Ron Suskind : Quelques temps après, alors qu’Owen était sur son lit, en train de regard un livre
Disney, j’ai eu l’idée d’aller plus loin. Dans la pièce, il y avait la marionnette d’un personnage qu’il
adore : Iago, le perroquet de Jafar, le méchant dans Aladdin. Je me suis mis à quatre pattes et me
suis approché du lit. Je lui ai alors parlé avec la marionnette en prenant la voix de Iago : « Owen,
c’est comment d’être toi ? » Il s’est tourné vers la marionnette comme s’il parlait à un vieux copain et
il a répondu : « Ce n’est pas terrible, je me sens seul et je n’ai pas d’amis ». Ce contact a été très fort
pour moi, mais j’ai pensé que je devais rester dans la peau du personnage. Que répondrait Iago ?
J’ai alors répliqué : « Depuis quand sommes-nous de si bons amis ? ». Il a répliqué : « Quand je
regarde Aladdin, tu me fais rire ». C’était notre première conversation depuis ses deux ans, j’étais
vraiment bouleversé.

*Qu’a pensé le médecin qui suivait Owen de cet éveil à travers Dinsey ?

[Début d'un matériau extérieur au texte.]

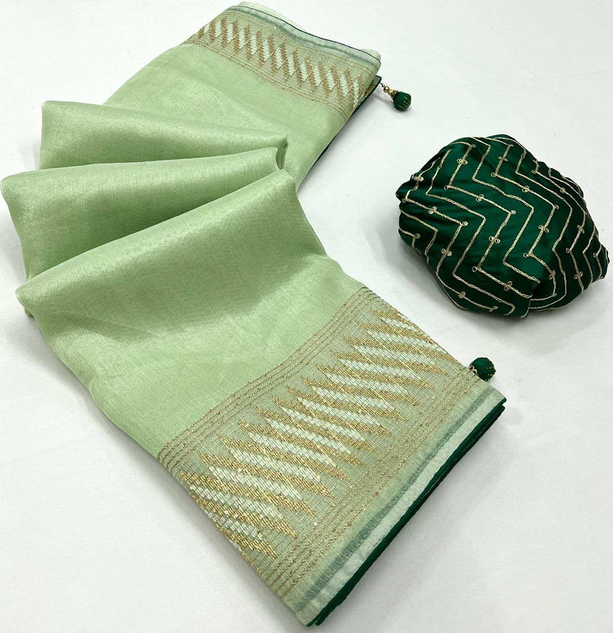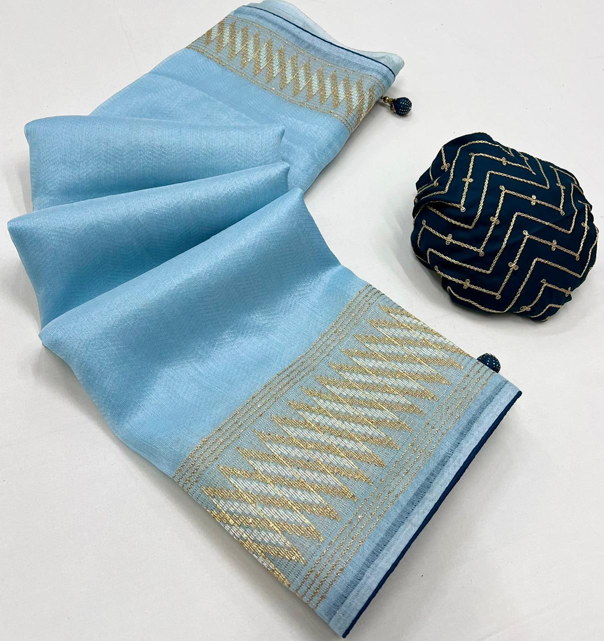 Tanya Lt Fabric Kora Silk With Fancy Fumka Double Blouse

Ron Suskind : Au début, il était très sceptique. Il estimait que ce n’était que de l’écholalie, un
phénomène d’écho, qu’Owen ne faisait que répéter comme un perroquet ce qu’il entendait sans
vraiment comprendre. Mais alors, pourquoi choisissait-il certains mots plutôt que d’autres parmi
toutes les heures de films ? Nous avions l’intuition qu’il se passait quelque chose mais ne pouvions
en être sûrs. Puis il y a eu le déclic avec Iago. Nous avions raison ! Owen intégrait bel et bien ce qui
était dit dans les films et pouvait l’utiliser pour donner du sens à notre monde et interagir avec lui.
Pour communiquer avec lui, il fallait apprendre sa langue. A partir de ce moment, ses progrès ont été
réels : ses capacités de langage sont revenues petit à petit, il a pu apprendre à dessiner en recopiant
des images issues des films Disney, il a appris à lire grâce aux crédits à la fin des films… Nous
l’avons aidé à faire de sa passion un vrai guide de développement.

*Votre histoire est incroyable et très enthousiasmante, mais l’Affinity Therapy peut-elle
marcher pour tous les enfants atteints d’autisme ?

Ron Suskind : Je suis convaincu que l’Affinity Therapy peut aider chaque enfant atteint d’autisme à
s’ouvrir au monde grâce à sa passion ou à son centre d’intérêt spécifique. D’autant plus qu’elle peut
se combiner aux autres thérapies, puisqu’elle contribue à améliorer et aider l’accompagnement
thérapeutique dans sa globalité. En réalité, nous avons battu en brèche l’idée de Léo Kanner, le
premier médecin à avoir posé un diagnostic complet de l’autisme, dans les années 40. Pour lui, les
centres d’intérêts des enfants autistes étaient des obsessions improductives qui ne faisaient
qu’enfermer encore plus. Aujourd’hui, notre découverte empirique est validée par des
neuroscientifiques et des psychologues : quelle qu’elle soit, la passion d’un enfant autiste est un
formidable stimulant pour son éveil à la vie.